In mid- to high-throughput studies, luciferase assays are performed in 96-well or 384-well plates. Western blots for protein levels are normally done using parallel transfections in a larger surface area plate to obtain enough lysate (typically 6 or 12-well plates). Thus, protein levels observed are not direct measurements from each well. Protein instability is the common underlying cause of loss of function in most coding variants. Thus, while normalization using the level of variant protein expression mitigates problems due to error during transfection (e.g., incorrectly adding less plasmid for a specific variant to the transfection mix) it may potentially yield incorrect results for the purposes of clinical annotation.
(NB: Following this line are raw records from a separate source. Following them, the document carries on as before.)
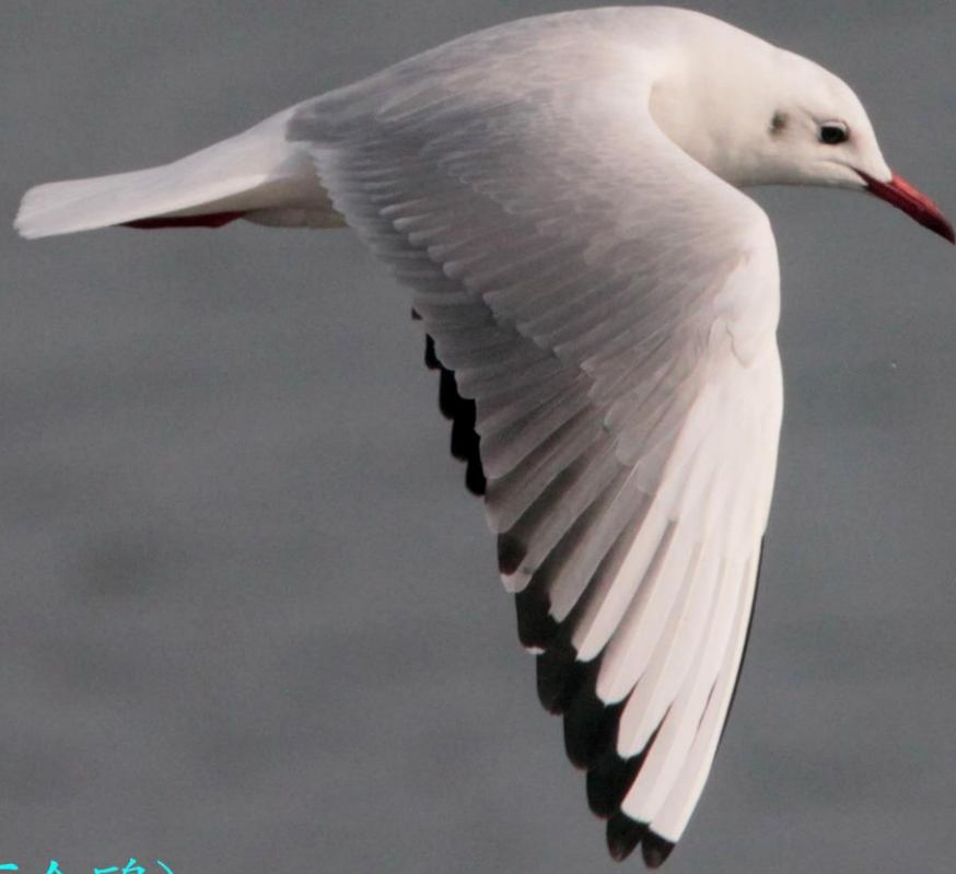
ユリカモメ(百合鷗) カモメ科 L=40cm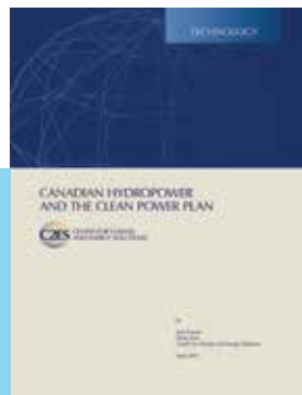
Canadian Hydropower and the Clean Power Plan

Le groupe de travail poursuit sa collaboration avec d'autres associations industrielles afin de mettre au point une stratégie d'action concernant la Loi sur les espèces en péril (LEP) après l'élection fédérale de 2015. Comme des changements législatifs semblent improbables à court terme, le groupe de travail continuera de centrer ses efforts sur l'amélioration des mécanismes d'application en consultation avec les fonctionnaires, les organisations non gouvernementales et d'autres intervenants importants dans le cadre du comité sur la LEP et par d'autres moyens.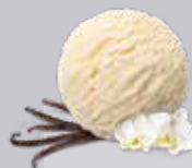
Vanille Bourbon de Madagascar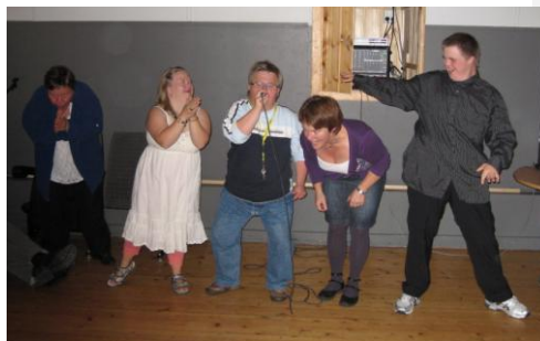
Bilde 2: Karaoke er veldig populært!

Fredagsdisco/galla gjennomført 10 ganger . Gjennomsnittlig 45 gjester og 4 frivillige hver gang. Vårgalla gjennomført 30. april og Høstgalla 29. oktober. Gjennomsnittlig 70 gjester og 12 frivillige hver gang. I samarbeid med Norsk Forbund for Utviklingshemmede (NFU, Telemark), som stiller med 1 frivillig hver gang.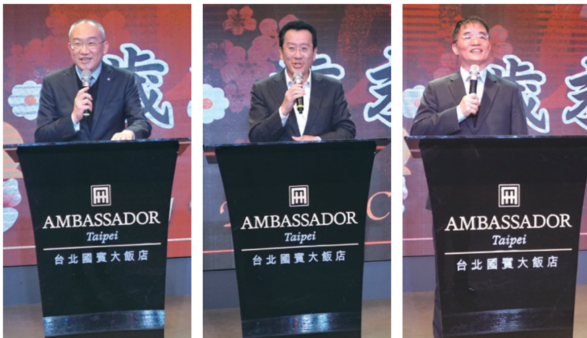
左起：期貨公會理事長糜以雍、金管會主任委員顧立雄、期交所董事長劉連煜

本公會歲末聯歡晚會於107年1月31日晚間假國賓大飯店2樓國際廳舉行，席間除本公會理監事、各委員會委員外，蒞臨貴賓尚有金管會顧主任委員立雄、鄭副主任委員貞茂、證期局王局長詠心及多位週邊董總，大家齊聚一堂，揮別昂首雞年、迎接旺旺狗年，共祝期貨市場蓬勃發展，更上層樓。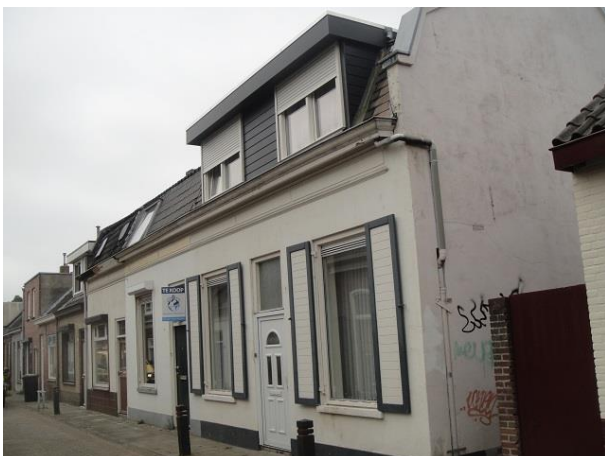
v Sonstr 1-7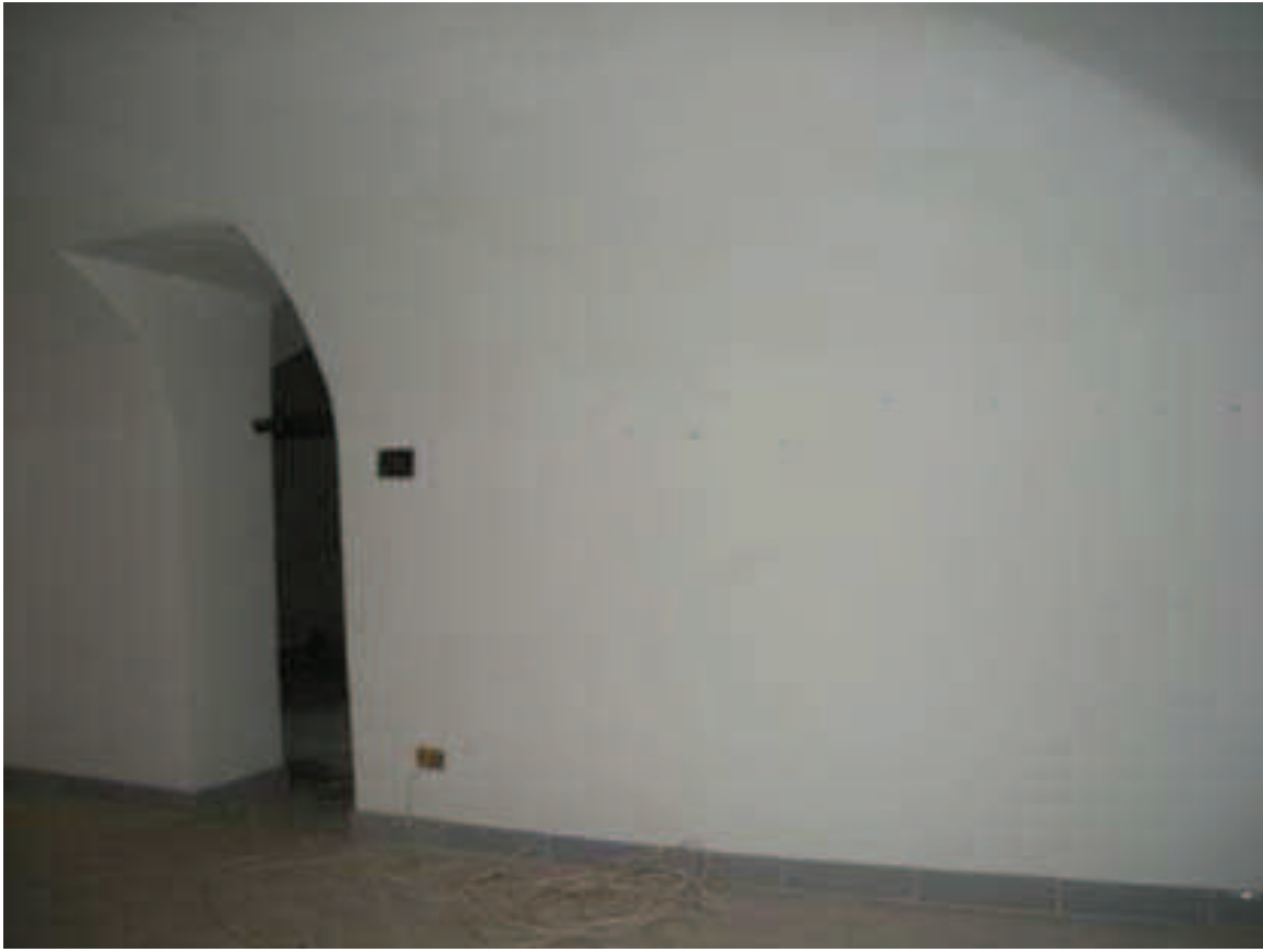
Bb. 8- int. 7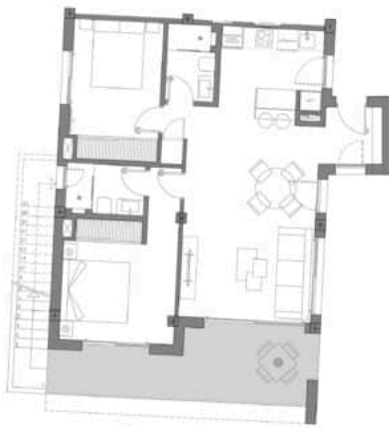
Bloque 3 MODELO ICONIC 2D Nº 21A PL. ÁTICO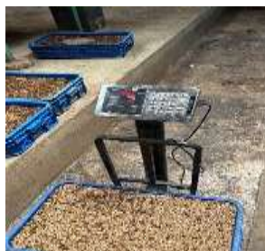
Gambar 7. Panen Larva BSF.

Proses pemanenan Black Soldier Fly (BSF) dilakukan setelah masa pemeliharaan selama 17 hari. BSF dipisahkan dan dibersihkan dari sisa media pertumbuhan mulai penyaringan menggunakan ayakan guna memisahkannya dari residu media tumbuh dan kotoran. Selanjutnya, BSF ditimbang untuk menentukan hasil akhir dari satu siklus budidaya (Fauzi dan Sari, 2018).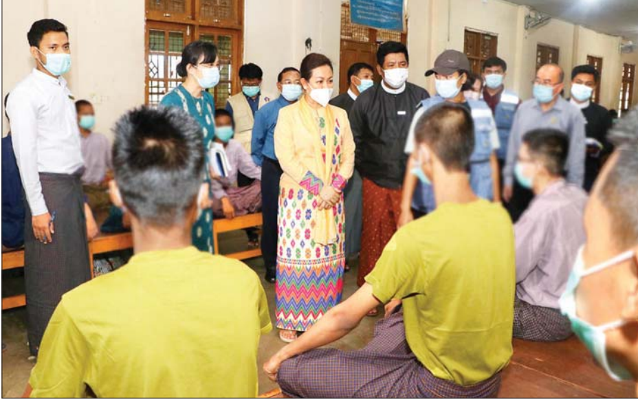
ရောင်းချမည့် အရောင်းဆိုင်ပြန်လည်ဖွင့်လှစ်နိုင်ရေး ပြင်ဆင်ဆောင်ရွက်ထားရှိမှုများ၊ အမျိုးသမီး သက်မွေးအတတ်ပညာသင်ကျောင်း (ရန်ကုန်)တွင် အကြမ်းဖက်ခံရသူ အမျိုးသမီးများကို တစ်နေရာ တည်းတွင် ဝန်ဆောင်မှုပေးသည့်စင်တာ (One Stop Women Support Center- OSWSC)ကို ဖွင့်လှစ်ထားရှိပြီး အကြမ်းဖက်ခံရသူ အမျိုးသမီး များအား လက်ခံစောင့်ရှောက်ကာ ကျန်းမာရေး

လူမှုဝန်ထမ်း၊ ကယ်ဆယ်ရေးနှင့် ပြန်လည်နေရာ ချထားရေးဝန်ကြီးဌာန ပြည်ထောင်စုဝန်ကြီး ဒေါက်တာသက်သက်ခိုင်သည် ယနေ့နံနက်ပိုင်းတွင် သန်လျင်မြို့နယ်ရှိ သန်လျင်လူငယ်သင်တန်းကျောင်း သို့ ရောက်ရှိရာ ခရိုင်အဆင့် ဌာနဆိုင်ရာများနှင့် သင်တန်းကျောင်းတာဝန်ခံတို့က လုပ်ငန်းများ ဆောင်ရွက်နေမှုကို ရှင်းလင်းတင်ပြပြီး ပြည်ထောင်စု ဝန်ကြီးက လိုအပ်သည်များကို မှာကြားသည်။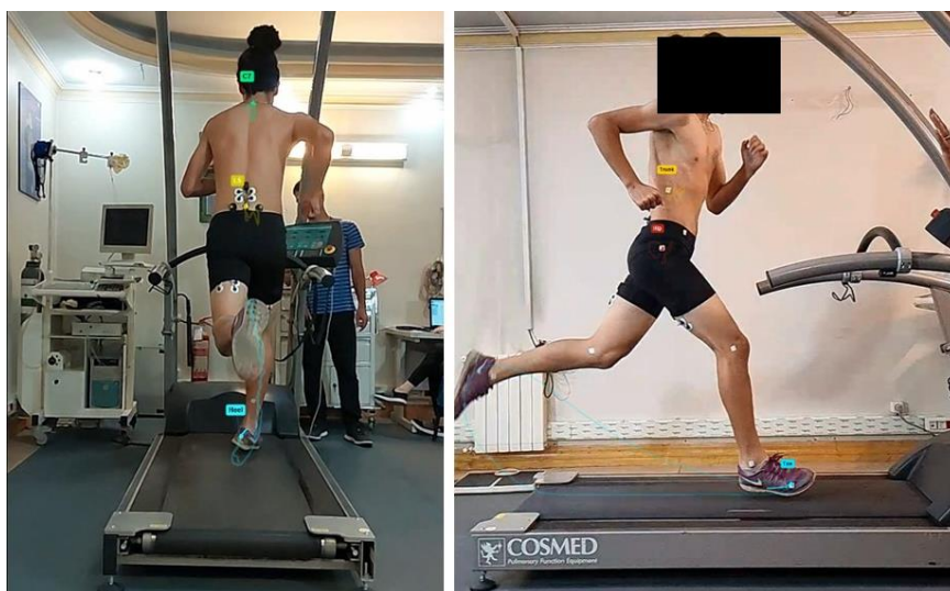
شکل ۲. آزمون دویدن

جهت بررسی کینماتیک دویدن در سرعت بالا از ارزیابی کینماتیکی دو بعدی توسط دوربین سرعت بالا ساخت شرکت سونی IMX514 (برای متغیرهای خم شدن توراسیک و خم شدن جانبی توراسیک) و همچنین ارزیابی سه بعدی کینماتیک با استفاده از شتاب سنج (ارزیابی دامنه تیلت قدامی لگن)، استفاده شد. مارکرها بر روی دنده دوازدهم، خار خاصره قدامی فوقانی، برجستگی بزرگ ران، کندیل خارجی زانو، قوزک خارجی مچ پا، استخوان پنجم کف پا، پاشنه، مهره هفتم گردنی و مهره پنجم کمری قرار گرفتند. پس از مارکگذاری آزمودنی ها و قرارگیری مناسب محل دوربین ها، با توجه به قد آزمودنی ها، آزمون دویدن بر روی تردمیل انجام گرفت. با توجه به این که آسیب همسترینگ در سرعت های بالای دویدن رخ می دهد، سرعت مورداستفاده در این آزمون ۲۰ کیلومتر بر ساعت و بدون شیب بود (شکل ۲) (۲۴). ابتدا جهت گرم کردن، ورزشکار ۱۰ دقیقه بر روی سرعت های کمتر شروع به راه رفتن و نرم دویدن می کرد. وقتی که به سرعت ۲۰ کیلومتر بر ساعت رسید به تعداد ۳۰ قدم در این سرعت می دوید. داده های مورد ارزیابی در قدم های بین ۱۵ تا ۲۵ ضبط شدند. همچنین این اندازه گیری ها ۳ بار انجام گرفت و میانگین داده ها ثبت شد. جهت جلوگیری از خستگی، آزمودنی بین هر بار دویدن ۵ دقیقه استراحت می کرد.

To minimize technical errors, improve quality control, and detect when an error occurs all expression plasmids (including the wild-type, positive, and negative controls) used in each batch of transfection are prepared in the same batch of mini-preps. Concentration and 260/280 ratios are checked by nanodrop and visualized by gel electrophoresis, to guarantee that preps contain comparable amounts of supercoiled DNA. Plasmids are verified by Sanger of both strands. Transfection assays are done in 96-well plates and transfection mixes (containing both reporters and transfection reagents) are used for all wells, minimizing the effect of adding no or less reagents in individual wells. We follow an optimized protocol for transfections in reporter assays51. Every variant reported in this paper is tested using four technical and three independent replicates, minimizing the effects of possible plasmid swaps or other technical errors. Relative luciferase activity for all replicates can be found in Supplementary Table S3.

Statistics

Results are presented in bar graphs of the mean percentage relative to wild type luciferase activity ± SEM of three independent experiments. To estimate the probability of pathogenicity given the functional data we used the computation method VarCall28 using the input dataset (Supplementary Table S4) which merged the results from the Fernandes et al.27 with the variants in this study. Next, we incorporated the results obtained for the 42 variants in the present study into the VarCall algorithm in a combined analysis with data from published variants in order to estimate the likelihood of pathogenicity of 390 variants28,30 (Supplementary Table S1). The output from VarCall represents the probability of pathogenicity given the effects on the functional capacity of the variant scheme30. Using the posterior probability calculation (PrDel) we generate the following functional classifications (fClass): PrDel ≤ 0.001 as fClass 1 (non-pathogenic), 0.001 < PrDel ⩽0.05 as fClass 2 (likely not pathogenic), 0.05 > Pr-Del⩽0.95 as fClass 3 (uncertain), 0.95 < PrDel ⩽ 0.99 as fClass 4 (likely pathogenic), and PrDel > 0.99 as fClass 5 (pathogenic). The model refines the pathogenicity for all variants in the set every time a new set of variants is added. Four previously tested missense variants, p.(G1743R), p.(P1749T), p.(G1788D), and p.(L1404P) moved from a no-call range (fClass 3; VUS) to neutral/benign (fClass 2), and one variant, p.(A1708V), moved from a no-call region to pathogenic (fClass 4) (Supplementary Figure S2). Codes for VarCall are available upon request.

Immunoblotting

BRCA1 constructs were transfected into HEK293FT cells using Polyethylenimine (Polysciences Inc.) as described previously27. Cells were harvested 24 h post-transfection and lysed with mild-RIPA buffer (NaCl 120 mM; Tris–Cl 50 mM (pH 7.4); EDTA 1 mM (pH 8.0); Triton X-100, 1%) supplemented with protease inhibitors (Sigma Co.). Whole cellular extracts were evaluated by immunoblotting using mouse monoclonal anti-GAL4 DBD (Santa Cruz Biotechnology, catalog number sc-510) and anti-β-actin (Santa Cruz Biotechnology, catalog number sc-47778) as primary antibodies. Horseradish peroxidase-conjugated anti-mouse IgG (Santa Cruz Biotechnology, catalog number sc-516102) was used as the secondary antibody. Bio-Rad ChemiDoc MP imaging system was used for signal detection. Image acquisition was optimized for the wild-type level of expression using the high-resolution default of the Bio-Rad Image Lab software. Original, unedited western blot images are shown in Supplementary Figure S3.